CISC machines are easier to program in machine and assembly code (see next chapter), because they have a richer set of instructions. But, nowadays, less and less programmers use assembly code, and compilers are becoming better. It comes down to a trade off, complexity of `silicon' (microcode and CISC) or complexity of software (highly efficient optimising compilers and RISC).
a0 = a1 + a2:
lodd a1 addd a2 stod a0
Taking into account the fetch-execute cycle, and that there is a controller
which also uses MAR and MBR, and assuming that the program starts at 100Hex
(lodd a1 is there), and that a0, a1, a2 are at 100Hex, 101Hex,
and 102Hex, respectively, describe precisely, and in order, all the data
travel along the bus, to and from memory. Distinguish addresses and data.
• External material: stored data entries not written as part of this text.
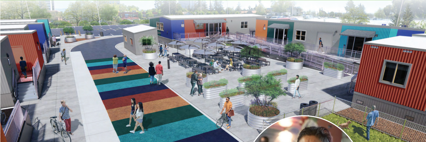
San Jose Bridge Emergency Interim Housing
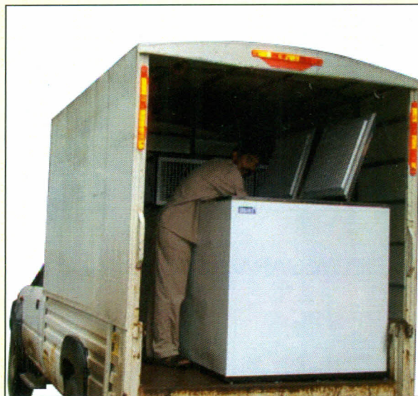
48cft FOW for Tata Ace/ Mahindra pick up/Bolero etc
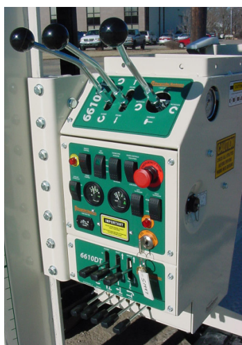
6610DT Control Panel

These are also recall type questions that appear as parts of examination questions.
(a) the purpose of the ALU; (b) the role of the MAR and MBR in CPU-memory interaction; (c) in addition to address, data, what additional information needs to be transferred via the 'system bus' between CPU and Memory; (d) the AC register; (e) the PC register; (f) the AMUX (A-multiplexer); (g) the A and B latches; (h) the F0F1 bits input to the ALU; (i) the N,Z bits output from the ALU.
(a) Is it possible to write, in one step, to transfer the output of the ALU/Shifter to both the A and B registers?
(b) Is it possible to write, in one step, to transfer the contents of both the AC and PC registers to the A Latch?